Can't reproduce the result

ZzZZCHS / Chat-Scene

Code for "Chat-Scene: Bridging 3D Scene and Large Language Models with Object Identifiers" (NeurIPS 2024)

MIT License

113 stars 8 forks source link

Can't reproduce the result #38

Closed WinterCodeForEverything closed 3 months ago

WinterCodeForEverything commented 3 months ago

I run the training and evaluation code and find the result on ScanRefer and Multi3DRefer are exectly bad, I'm not sure is there any bug in the code

Such as, I'm curious why obj_id are different between training and evalutation in prepare_scanrefer_annos.py, is this a bug?

ZzZZCHS commented 3 months ago

Did you change any training config such as the GPU number? Since the learning rate is multiplied by GPU number here, we find that the results are currently unproducible when setting GPU numer to 8 (we got the similar results as yours with very low grounding performance).

If you did not change any config, maybe you can try a lower max_grad_norm here. We use max_grad_norm=0.01 in recent experiments and it seems to be more stable.

This code snippet has no bug. Actually the "obj_id" in train annotation is not used during training, and the "obj_id" in val annotation is representing the id of the gt object in the gt segmentations, which will be used to retrieve the gt bbox for calculating the IoU.

ZCMax commented 3 months ago

Did you change any training config such as the GPU number? Since the learning rate is multiplied by GPU number here, we find that the results are currently unproducible when setting GPU numer to 8 (we got the similar results as yours with very low grounding performance).

If you did not change any config, maybe you can try a lower max_grad_norm here. We use max_grad_norm=0.01 in recent experiments and it seems to be more stable.

This code snippet has no bug. Actually the "obj_id" in train annotation is not used during training, and the "obj_id" in val annotation is representing the id of the gt object in the gt segmentations, which will be used to retrieve the gt bbox for calculating the IoU.
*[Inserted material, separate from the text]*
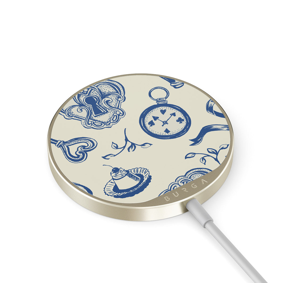 En este diseño: tazas de té, teteras, relojes de bolsillo, llave, corazones, cerámica, patrón azul y blanco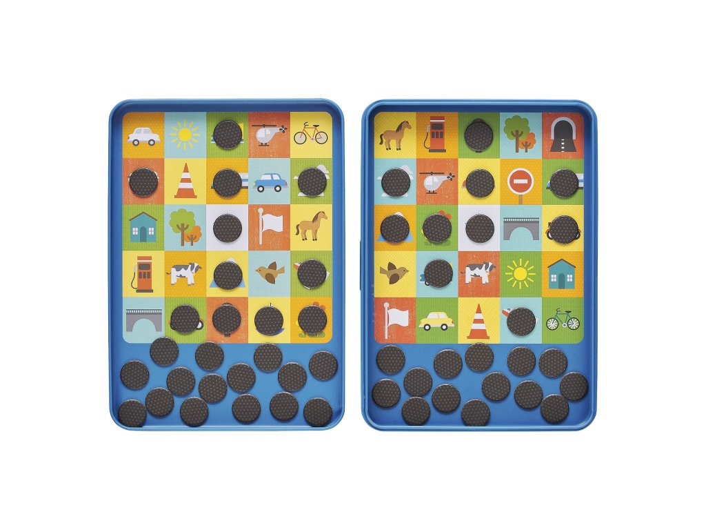 Cestovní bingo v magnetické krabičce Vaše děti nadchne. Kdo bude jako první moci zakřičet „bingo!“, když trefí 5 políček za sebou? Projela kolem Vás motorka, uviděli jste most? Označte je na své herní ploše, buďte ve střehu a užijte si jízdu vlakem, autobusem či autem. Hlavní vlastnosti: Skvělá cestovní hračka v kovové krabičce Natištěno netoxickými barvami, které berou v potaz zdraví dětí a planetu

That's an interesting phenomenon, it seems like doubling the GPU number from 4 to 8 would have a huge impact on the grounding tasks? just because the 2x learning rate?

ZzZZCHS commented 3 months ago

The grounding and captioning tasks are all based on object ids. So the low performance indicates that the object id is not well-trained, and we can't directly observe this from the loss curve (the loss curve looks normal when it produces poor grounding results). We've did some ablation studies but still haven't found the true reason. Basically, I think a possible reason is about data scale. Current data (number and diversity) is not enough for feeding the trainable weights and the model may be trained towards a wrong direction that neglects the learning of object ids (the process could be vulnerable to learning rate). So we may plan to add more data in the future, especially those designed for learning object ids.

Nonetheless, It's not that hard to reproduce the reported results if you stick to our training config.

WinterCodeForEverything commented 3 months ago

Thanks for your explain, I didn't change the GPU number but do the following change in run.sh because I can't install slurm

In the evaulation stage it hints: WARNING 2024-08-07T14:34:51 | py.warnings: /data/projects/15003900/Chat-3D-v2/utils/distributed.py:18: UserWarning: do_sample is set to False. However, top_p is set to 0.6 -- this flag is only used in sample-based generation modes. You should set do_sample=True or unset top_p. builtin_warn(*args, **kwargs) Is this the reason?

ZzZZCHS commented 3 months ago

It looks no problem. Can I see your training log (the train.log file under output directory)?

I'm re-training this code today to see if it can be reproduced in my environment now. Maybe we can compare the training log to find some difference.

WinterCodeForEverything commented 3 months ago

Oh, I change the training epoch from 3 to 2, the learning rate seems to drop faster than before, there is the training log: train.log But I train the code in 3 epoch with the setting add_scene_token=True, and get the similiar result( very poor grounding peformance), there is the training log: train.log

seems I can't change any setting in the config, maybe I should try max_grad_norm=0.01 to make it more stable. If it's still so unpredictable, maybe there are some problems unsovled in the code or in the design?

ZzZZCHS commented 3 months ago

I used the original config and have trained it for 2 epochs (out of 3). The results are reproducible in my environment. train.log

The add_scene_token should be set to False as default. Because we didn't use it in our experiments and we also didn't mention it in the readme instructions.

I recommond training it with default setting first. If it is still unreproducible in your environment, we can further help you find the problem.

WinterCodeForEverything commented 3 months ago

Thanks for your patience, I reproduce the results with the default setting, it's a good work.